Stored data.

+--

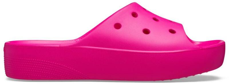 Crocs Classic Paltform Slide női papucs Szolíd, 4 centi magasságú platformos talpakat kapott a Crocs Classic kollekcióhoz tartozó papucs, ami a névadó modellhez képest szolídabb és konzervatívabb vonalvezetésű. A puha és rugalmas Croslite alapanyagának köszönheti tartósságát és kis súlyát. Az Iconic Crocs Comfort technológia hagyományos Crocs kényelmet nyújt otthon, a szabadban vagy a strandon.  Az ergonomikus talpágy és saroktámasz elvezeti a lépés során kialakult energiákat, csökkenti az ízületek terhelését.  Belső talpán körkörös irányban végigfutó masszírozó bütykök fokozzák a vérkeringést, harántemelő boltíve pedig egész napos kényelmet biztosít.   Croslite alapanyag tulajdonságai: szabadalmaztatott technológia pehelykönnyű felveszi a láb alakját ellenáll a kellemetlen szagoknak, könnyen fertőtleníthető nem hagy anyagnyomot a padlón
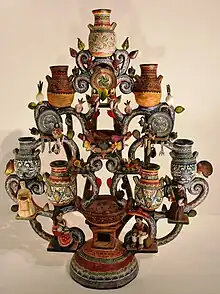 A Tree of Life (Spanish: Árbol de la vida) is a type of Mexican pottery sculpture traditional in central Mexico, especially in the municipality of State of Mexico. Originally the sculptures depicted the Biblical story of creation, as an aid for teaching it to natives in the early colonial period. The fashioning of the trees in a terracotta sculpture began in Izúcar de Matamoros, Puebla but today the craft is most closely identified with Metepec.[1] Traditionally, these sculptures are supposed to consist of certain biblical images, such as Adam and Eve, but recently there have been trees created with themes completely unrelated to the Bible.[2]
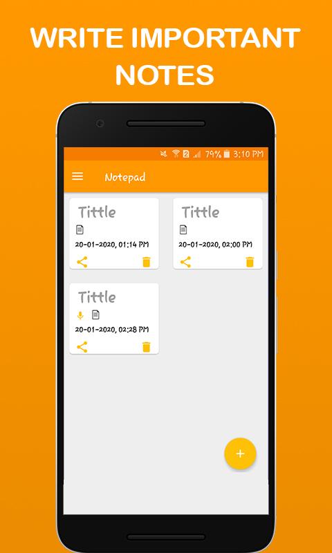 通過便箋應用程序輕鬆編寫您的便箋,該應用程序可提供快速簡便的便箋創建和清單。從相機記錄筆記或創建語音筆記,並通過記事本鎖定功能啟用所有重要筆記的安全性。限制您的其他個人筆記,在記事本筆記應用程序上應用筆記鎖以確保安全。快速保存您的想法,使用筆記應用程序使用語音轉文本功能來保存文本註釋,照片或語音註釋。

+--

Exercise directions.
Leaving out only the pictures, reproduce the listing exactly.

Output of the exercise.
 Crocs Classic Paltform Slide női papucs Szolíd, 4 centi magasságú platformos talpakat kapott a Crocs Classic kollekcióhoz tartozó papucs, ami a névadó modellhez képest szolídabb és konzervatívabb vonalvezetésű. A puha és rugalmas Croslite alapanyagának köszönheti tartósságát és kis súlyát. Az Iconic Crocs Comfort technológia hagyományos Crocs kényelmet nyújt otthon, a szabadban vagy a strandon.  Az ergonomikus talpágy és saroktámasz elvezeti a lépés során kialakult energiákat, csökkenti az ízületek terhelését.  Belső talpán körkörös irányban végigfutó masszírozó bütykök fokozzák a vérkeringést, harántemelő boltíve pedig egész napos kényelmet biztosít.   Croslite alapanyag tulajdonságai: szabadalmaztatott technológia pehelykönnyű felveszi a láb alakját ellenáll a kellemetlen szagoknak, könnyen fertőtleníthető nem hagy anyagnyomot a padlón
 A Tree of Life (Spanish: Árbol de la vida) is a type of Mexican pottery sculpture traditional in central Mexico, especially in the municipality of State of Mexico. Originally the sculptures depicted the Biblical story of creation, as an aid for teaching it to natives in the early colonial period. The fashioning of the trees in a terracotta sculpture began in Izúcar de Matamoros, Puebla but today the craft is most closely identified with Metepec.[1] Traditionally, these sculptures are supposed to consist of certain biblical images, such as Adam and Eve, but recently there have been trees created with themes completely unrelated to the Bible.[2]
 通過便箋應用程序輕鬆編寫您的便箋,該應用程序可提供快速簡便的便箋創建和清單。從相機記錄筆記或創建語音筆記,並通過記事本鎖定功能啟用所有重要筆記的安全性。限制您的其他個人筆記,在記事本筆記應用程序上應用筆記鎖以確保安全。快速保存您的想法,使用筆記應用程序使用語音轉文本功能來保存文本註釋,照片或語音註釋。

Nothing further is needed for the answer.